_What needs to be done_. Below are entries; repeat exactly, and nothing else, the lines from the one holding "Kadın Uzun Kollu" through the one holding "<>LEFT BANK HEATED", inclusive. Leave the pictures out.

_Data extracts_.
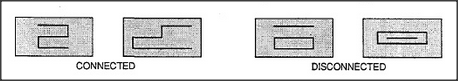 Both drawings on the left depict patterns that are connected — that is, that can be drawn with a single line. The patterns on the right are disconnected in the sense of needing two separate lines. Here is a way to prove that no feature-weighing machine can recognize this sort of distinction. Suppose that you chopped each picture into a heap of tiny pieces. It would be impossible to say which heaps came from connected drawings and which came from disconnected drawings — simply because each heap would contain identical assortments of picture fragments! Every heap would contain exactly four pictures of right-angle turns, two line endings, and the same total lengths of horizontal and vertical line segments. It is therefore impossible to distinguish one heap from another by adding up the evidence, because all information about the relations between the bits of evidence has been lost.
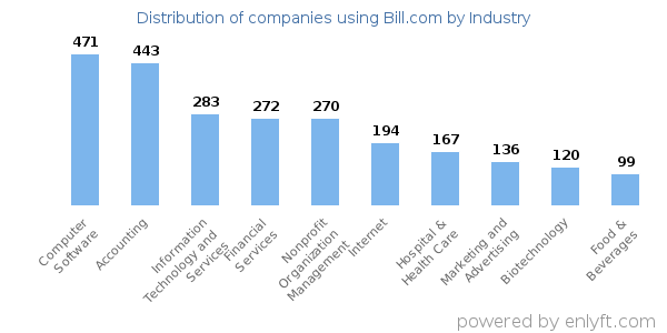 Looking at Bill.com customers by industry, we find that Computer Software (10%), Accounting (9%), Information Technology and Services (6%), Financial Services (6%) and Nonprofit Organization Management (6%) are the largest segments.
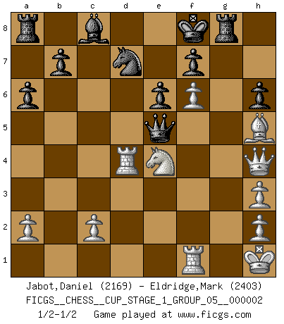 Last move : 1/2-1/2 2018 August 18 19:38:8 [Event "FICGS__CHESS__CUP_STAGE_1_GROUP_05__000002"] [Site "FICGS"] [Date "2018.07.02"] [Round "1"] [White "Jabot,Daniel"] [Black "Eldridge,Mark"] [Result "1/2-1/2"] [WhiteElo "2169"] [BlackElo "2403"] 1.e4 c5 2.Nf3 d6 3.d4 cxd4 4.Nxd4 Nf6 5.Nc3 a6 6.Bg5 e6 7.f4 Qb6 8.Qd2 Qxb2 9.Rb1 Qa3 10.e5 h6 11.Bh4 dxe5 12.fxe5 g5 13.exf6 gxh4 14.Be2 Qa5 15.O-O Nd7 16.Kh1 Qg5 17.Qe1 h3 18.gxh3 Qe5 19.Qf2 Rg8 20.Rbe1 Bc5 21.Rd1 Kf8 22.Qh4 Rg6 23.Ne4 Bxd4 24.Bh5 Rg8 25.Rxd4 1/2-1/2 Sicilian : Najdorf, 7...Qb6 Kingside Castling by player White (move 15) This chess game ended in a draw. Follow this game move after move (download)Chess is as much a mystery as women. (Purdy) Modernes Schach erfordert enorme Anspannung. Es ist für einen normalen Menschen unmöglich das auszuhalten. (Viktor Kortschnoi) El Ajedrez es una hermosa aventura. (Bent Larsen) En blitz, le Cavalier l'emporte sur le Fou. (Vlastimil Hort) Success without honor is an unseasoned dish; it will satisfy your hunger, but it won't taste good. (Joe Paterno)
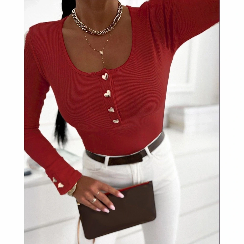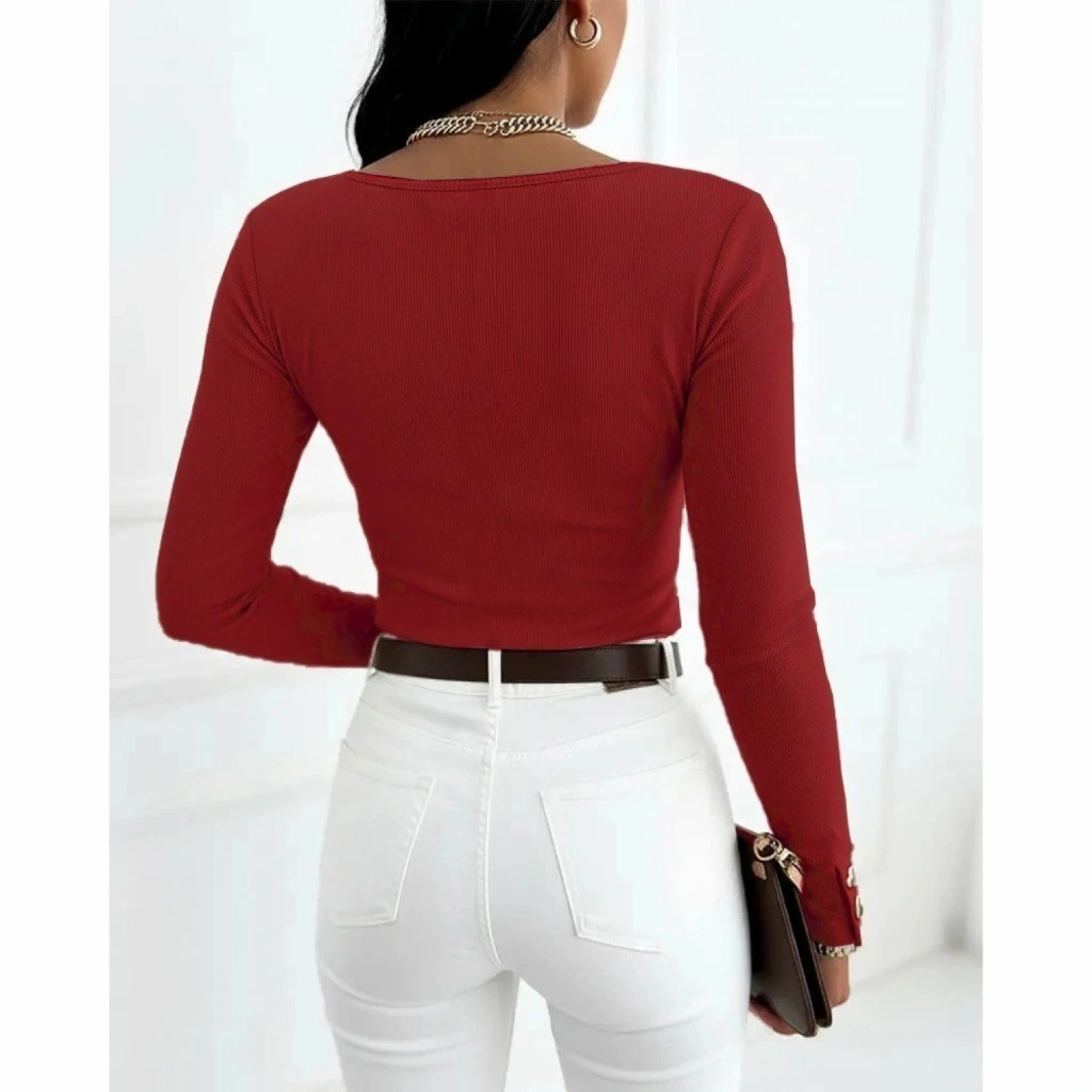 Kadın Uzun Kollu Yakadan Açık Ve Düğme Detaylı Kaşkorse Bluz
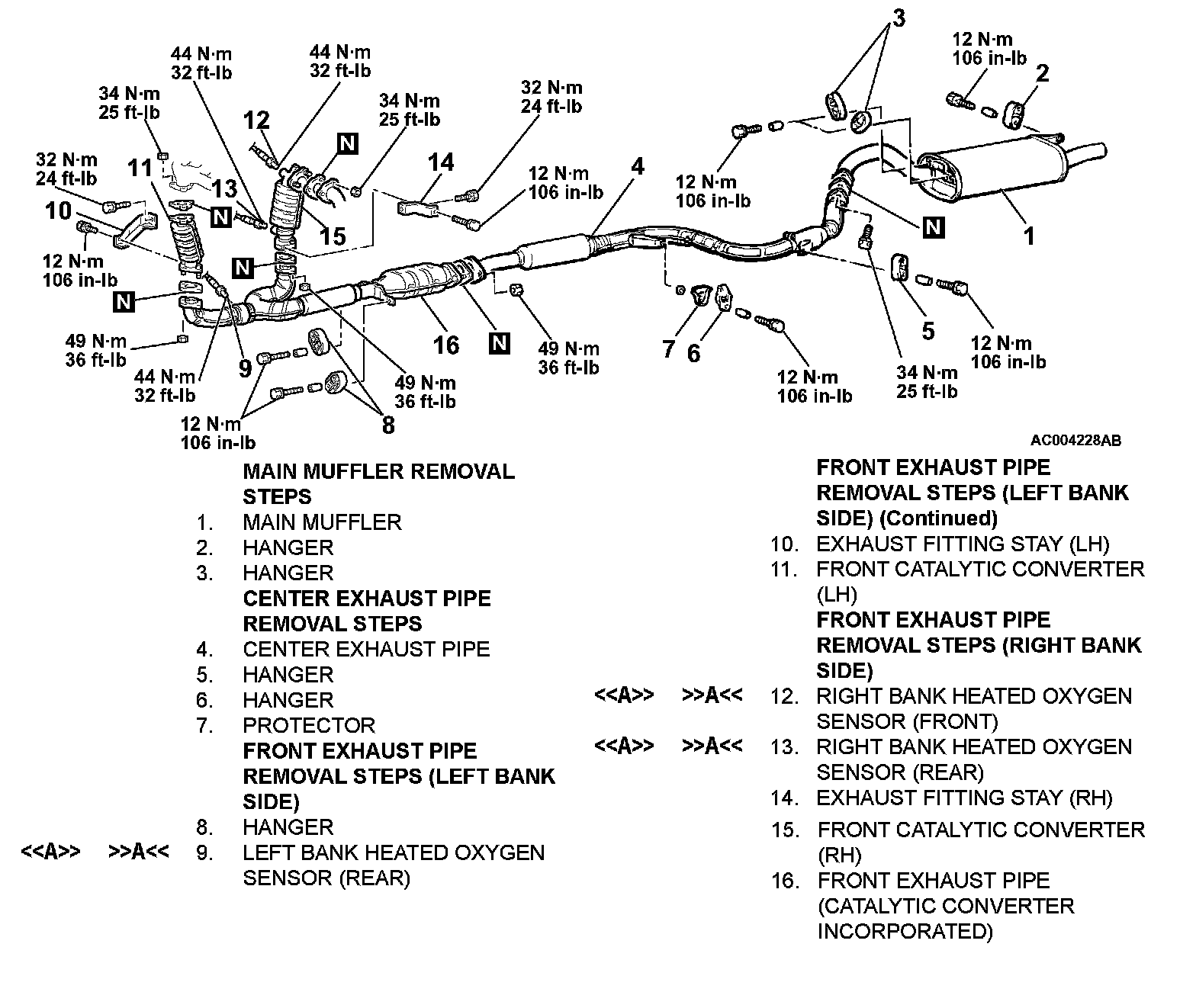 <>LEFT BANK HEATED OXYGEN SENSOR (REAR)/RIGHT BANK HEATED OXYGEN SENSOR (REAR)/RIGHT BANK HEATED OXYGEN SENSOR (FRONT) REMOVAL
...
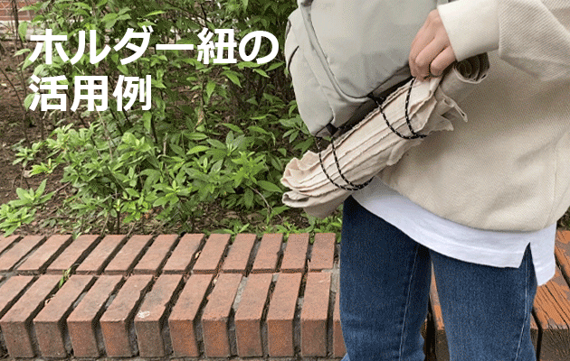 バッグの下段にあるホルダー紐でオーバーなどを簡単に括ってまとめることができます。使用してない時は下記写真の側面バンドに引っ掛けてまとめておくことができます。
==
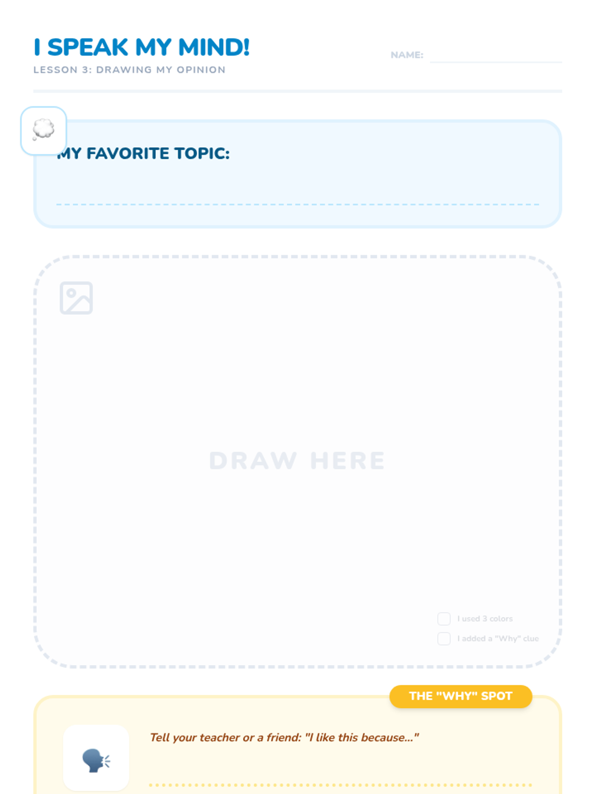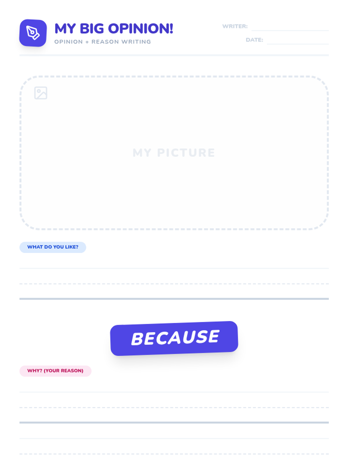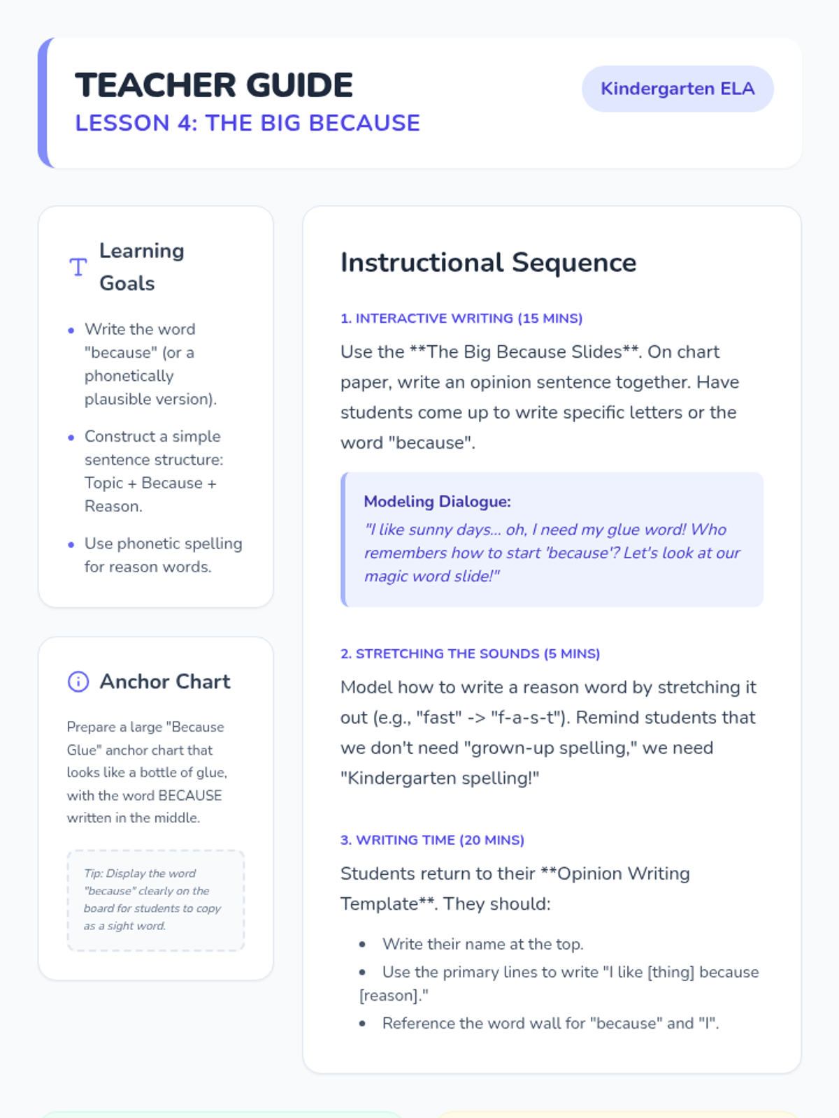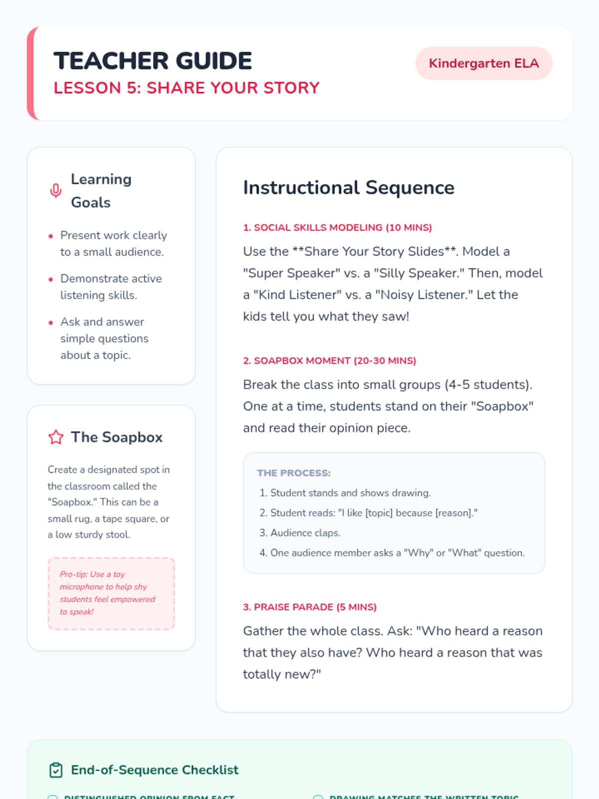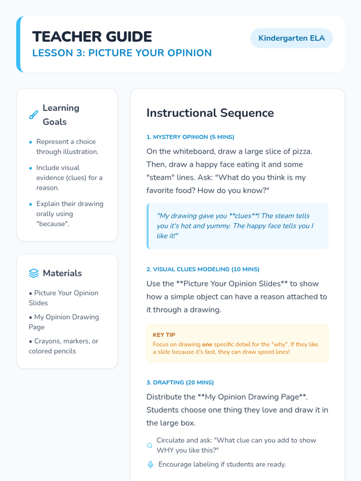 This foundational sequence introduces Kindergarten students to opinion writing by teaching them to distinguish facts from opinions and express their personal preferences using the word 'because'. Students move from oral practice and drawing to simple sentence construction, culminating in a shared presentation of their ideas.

_Task solution_.
 Kadın Uzun Kollu Yakadan Açık Ve Düğme Detaylı Kaşkorse Bluz
 <>LEFT BANK HEATED OXYGEN SENSOR (REAR)/RIGHT BANK HEATED OXYGEN SENSOR (REAR)/RIGHT BANK HEATED OXYGEN SENSOR (FRONT) REMOVAL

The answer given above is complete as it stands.